* _EXERCISE PROMPT_:
Word for word, restate the lines from the top of the records below through the line with "2.7. The Differential", both included, with no pictures in the result.

* _TASK DATA_:
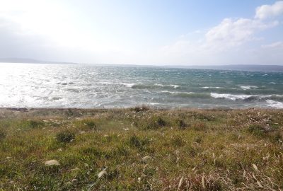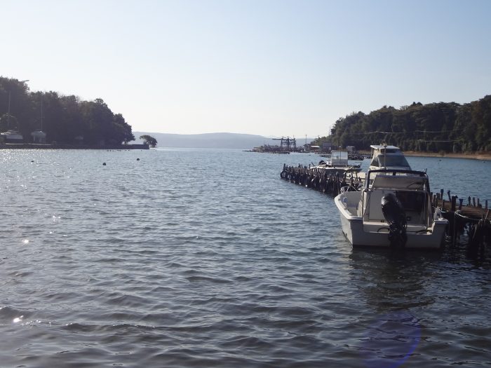 普段は周りの景色が映りこむ穏やかな湾内も荒れ気味。
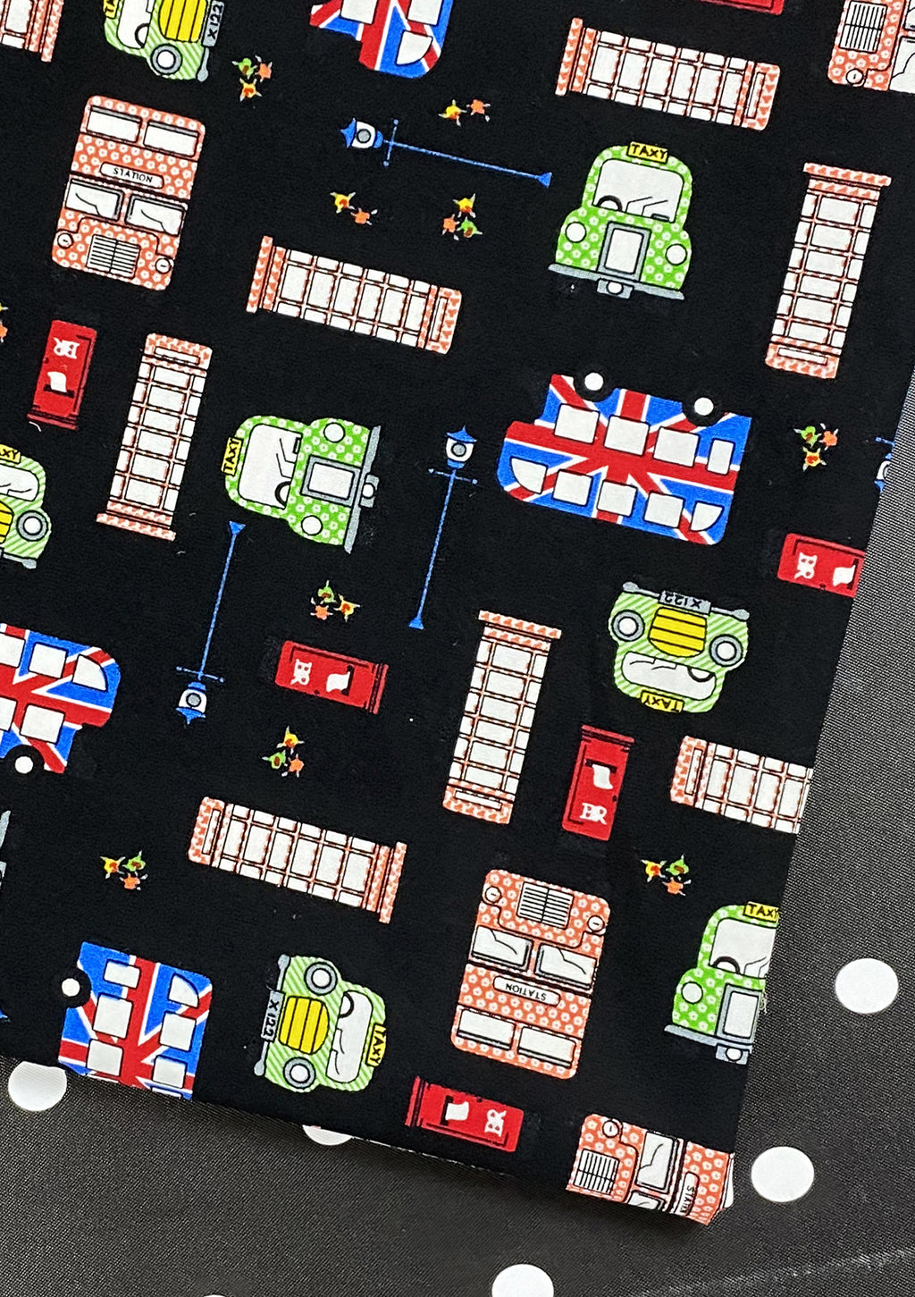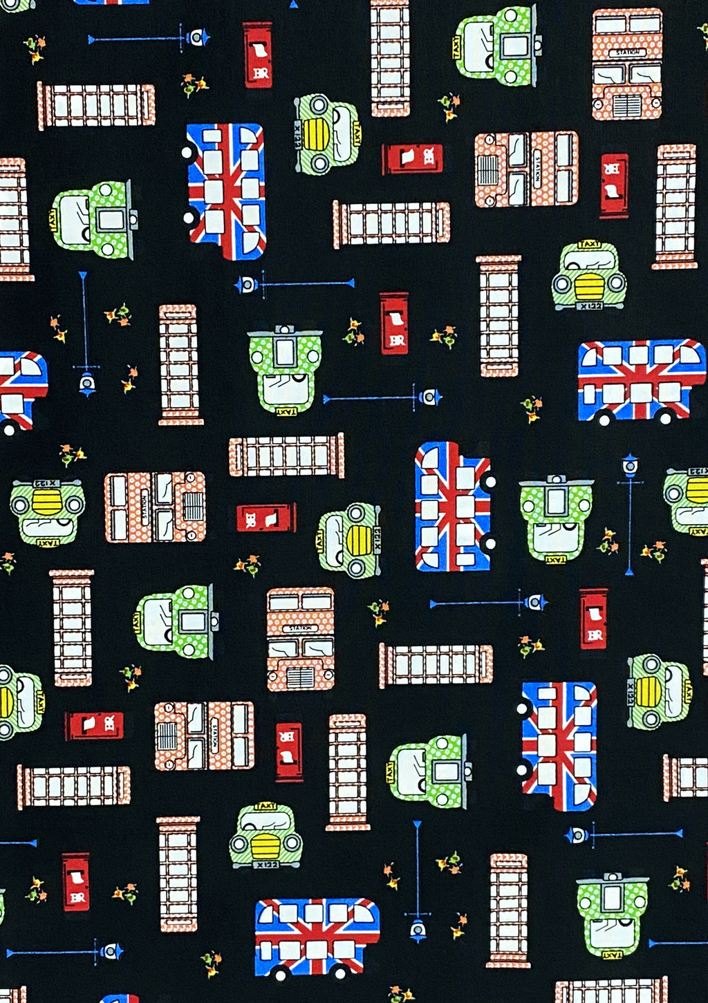 London Theme Cotton Printed Fabric 45" Wide Craft Poplin Quilting Dressing D#43 (Black)
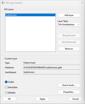 ArcGIS Map (Tech Preview) GIS Layer Control Dialog
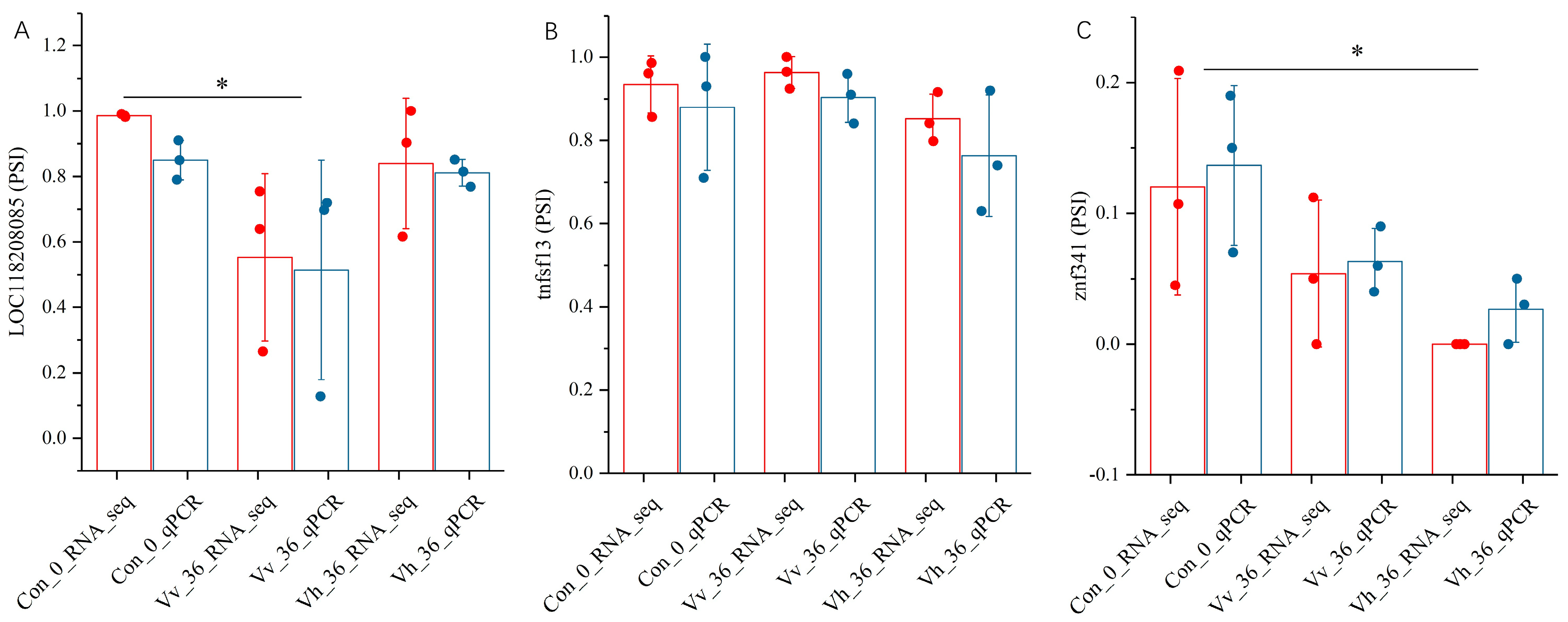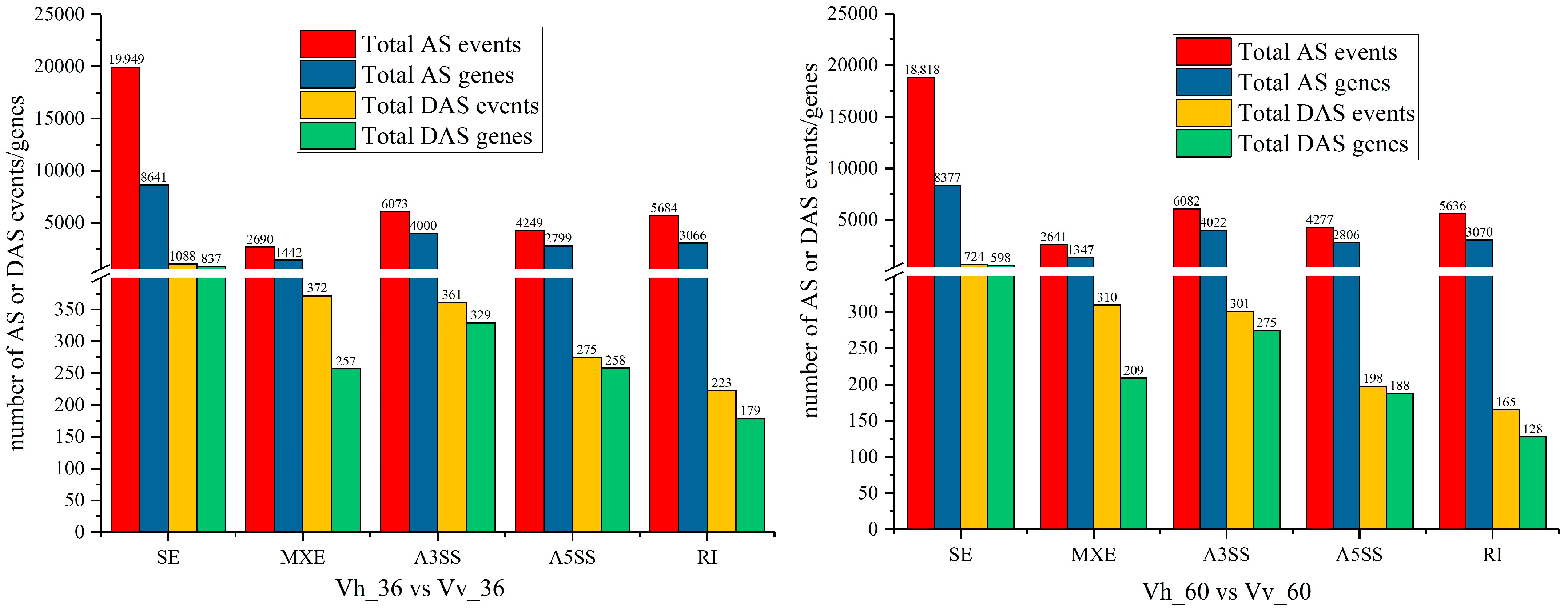 2.7. The Differential Alternative Splicing Genes (DASs) Analysis
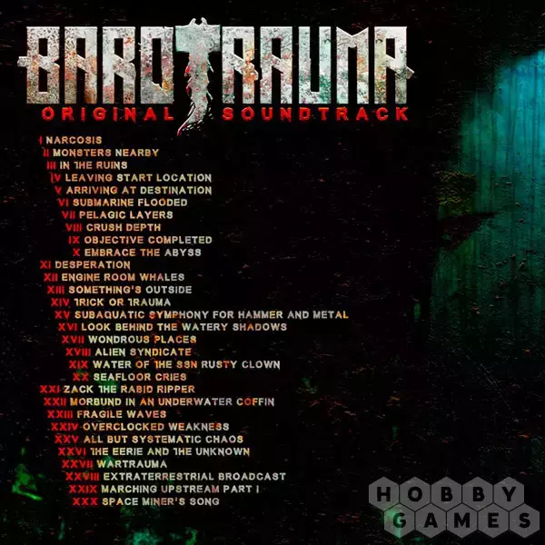 - Официальный саундтрек игры Barotrauma. Новые композиции добавляются по мере создания. Пусть вас окутает мрачный гул и шум океана Европы. Что же вы услышите: загадочную электронную музыку или крики глубоководных чудовищ, скрывающихся в океане?

* _SOLVED EXERCISE_:
 普段は周りの景色が映りこむ穏やかな湾内も荒れ気味。
 London Theme Cotton Printed Fabric 45" Wide Craft Poplin Quilting Dressing D#43 (Black)
 ArcGIS Map (Tech Preview) GIS Layer Control Dialog
 2.7. The Differential Alternative Splicing Genes (DASs) Analysis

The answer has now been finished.